The Forbidden Room is a 2015 Canadian experimental fantasy drama film co-directed by Guy Maddin and Evan Johnson (being latter's feature directorial debut), and written by Maddin, Johnson, and Robert Kotyk. The film stars Roy Dupuis, Clara Furey, Louis Negin, Jacques Nolot, Charlotte Rampling, Udo Kier, Gregory Hlady, Sparks, Karine Vanasse, Adele Haenel, Mathieu Amalric, Maria de Medeiros and Geraldine Chaplin.

==Plot==
The film's frame story, and the narrative it returns to the most, concerns a submarine crew transporting a volatile substance that will explode if they ever resurface. As the crew struggle to survive with low oxygen levels, a woodsman (Roy Dupuis) mysteriously forces his way onto the vessel; the crew believe his sudden appearance may lead to an escape from their predicament. The men navigate a labyrinth of rooms and passageways while trying to access the captain's chamber. Along the way, they recount stories that lead to other stories, which unfold in a complex and layered manner. The most important of these "sub-stories" shows the woodsman and his fellow "sapling-jacks" trying to rescue a woman named Margot from depraved kidnappers. Other sub-stories involve: a surgeon kidnapped by a team of "women skeletons" who work as insurance defrauders; a madman on a train under the charge of a womanizing psychiatrist; a mustache that seeks to comfort the widow of the man whose face it used to adorn; and a doctor cursed by a bust of Janus. The submarine crew finally reach the captain's "forbidden room", only to find him incapacitated. Most of the men die of asphyxiation, but the woodsman finds that the volatile cargo has transformed into his love, Margot. A passionate kiss leads into a montage of proposed endings from "The Book of Climaxes", and an abrupt, inconclusive ending to the film itself.

==Cast==

- Roy Dupuis as Cesare
- Clara Furey as Margot
- Louis Negin as Marv / Smithy / Mars / Organizer / Mr. Lanyon
- Udo Kier as Count Yugh / The Butler / The Dead Father / Guard / Pharmacist
- Karine Vanasse as Florence Labadie
- Gregory Hlady as Jarvis / Dr. Deane / A Husband
- Mathieu Amalric as Thadeusz M____ / Ostler
- Noel Burton as Wolf / Pilot / The Captain
- Geraldine Chaplin as The Master Passion / Nursemaid / Aunt Chance
- Paul Ahmarani as Dr. Deng / Speedy
- Caroline Dhavernas as Gong
- Jacques Nolot as Bent / Minister of the Interior
- Maria de Medeiros as The Blind Mother / Clotilde
- Charlotte Rampling as The Ostler's Mother
- Victor Andrés Trelles Turgeon as Pancho
- Sparks as the Voices of the Faceless Crooner
  - Russell Mael provides the primary voice, Ron Mael provides additional voices.
- Sophie Desmarais as Jane Lanyon
- Ariane Labed as Alicia Warlock / The Chambermaid
- Slimane Dazi as Baron Pappenheim
- André Wilms as Surgeon
- Adèle Haenel as The Mute Invalid
- Céline Bonnier as Eve
- Lewis Furey as The Skull-Faced Man
- Amira Casar as Mrs. M____
- Jean-François Stévenin as The Doctor
- Kim Morgan as Kim
- Marie Brassard as Mysterious Necklace Woman
- John Churchill as Karl Le Barron
- Arthur Holden as Auctioneer
- Anthony Lemke as Bud
- Elina Löwensohn as Sister
- Darcy Fehr as Nightclub Attendee / Climax Player

==Production==
===Writing===
Many of the stories within the film's nesting doll structure were inspired by a lost film and then reimagined in an absurdist way, sometimes based only on the title. When asked how the idea for the structure came about, Johnson said he is a fan of Raymond Roussel.

===Filming and editing===
The film was shot on digital in public studios (where the public could visit and attend the film shoots) at the Centre Georges Pompidou in Paris, France and the Centre PHI in Montreal, Quebec, Canada.
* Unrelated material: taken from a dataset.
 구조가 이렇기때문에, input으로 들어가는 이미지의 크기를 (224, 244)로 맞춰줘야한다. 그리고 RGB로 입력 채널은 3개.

There was so much material that did not make the final cut that the directors decided to turn it into a web series, called Seances, which Maddin calls a "companion piece" to the film. The final cut of the film is slightly shorter than it was on its world premiere at the Sundance Festival; the directors had to do some re-editing anyway, because the soundtracks on the DCP "were out of synch with each other." Maddin said: "It was a nightmare. I felt the movie didn't get its premiere there. We went back and tightened it up because it was too long even for me, and now it's the right length."

===Music===
Most of the film's music was composed by Galen Johnson (who was writing music since 2005) and Guy Maddin, who sometimes traded their files for mutual input. Maddin worked primarily in Audacity to create ambient soundscapes, while Johnson used software from Ableton and Reason Studios, pitch-shifting and chopping old public domain records, at times adding his own MIDI keyboard elements.
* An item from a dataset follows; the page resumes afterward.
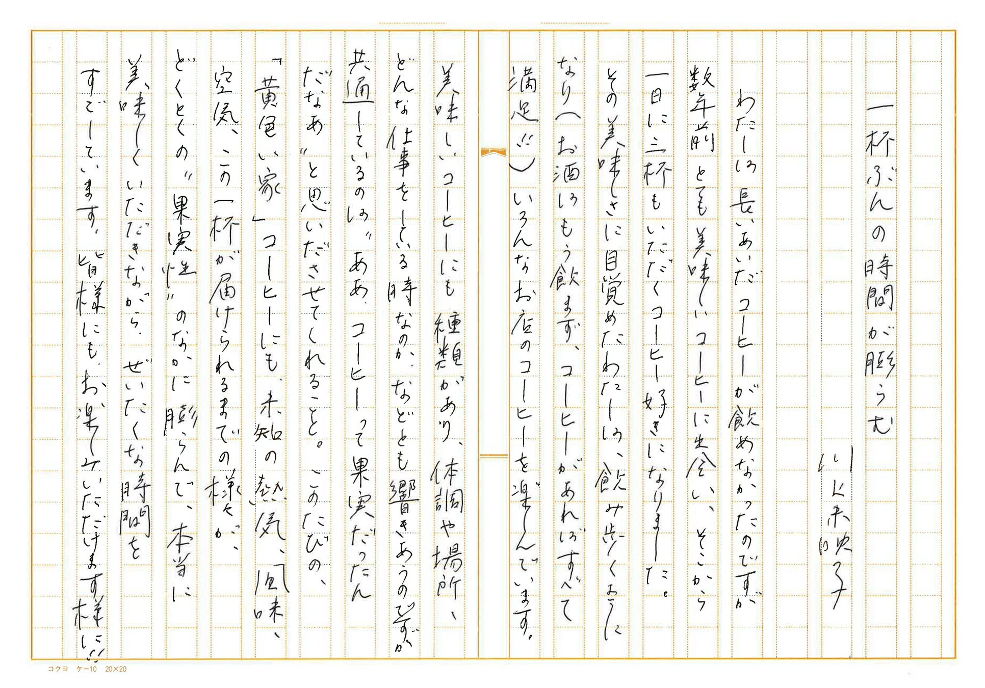 発売にあたり、川上さんから『黄色い家』ブレンドについて直筆メッセージ「一杯ぶんの時間が膨らむ」をいただきました!

For some of the tracks Johnson baked LP records and then recorded the results and use that as a basis for some compositions.
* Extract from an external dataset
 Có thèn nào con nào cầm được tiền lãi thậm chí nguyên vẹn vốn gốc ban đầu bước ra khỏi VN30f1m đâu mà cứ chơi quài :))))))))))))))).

Band Sparks contributed song "The Final Derriere" for their appearance in the film as "the Faceless Crooner". Maddin alleged that the song was recorded within a few hours of him and Johnson asking them to do it.

===Title design===
Galen Johnson created 500 intertitles for the film (although roughly 400 remain in the final edit), using a variety of inspirations ranging from old cards to silent films to VHS recordings of adult films. Since the movie is a Canadian production he had to redo each of them in French, as well, meaning that total work output was at least 800 intertitles.

For the end credits he initially wanted to give everyone in the crew their own card, but production was running out of time, so Johnson only did that to cast and followed with a regular end credits crawl, also underlining that silent films typically didn't have end credits.

==Release==
The Forbidden Room premiered at the 2015 Sundance Film Festival on 26 January 2015. It also screened at the 2015 Toronto International Film Festival on 16 September 2015.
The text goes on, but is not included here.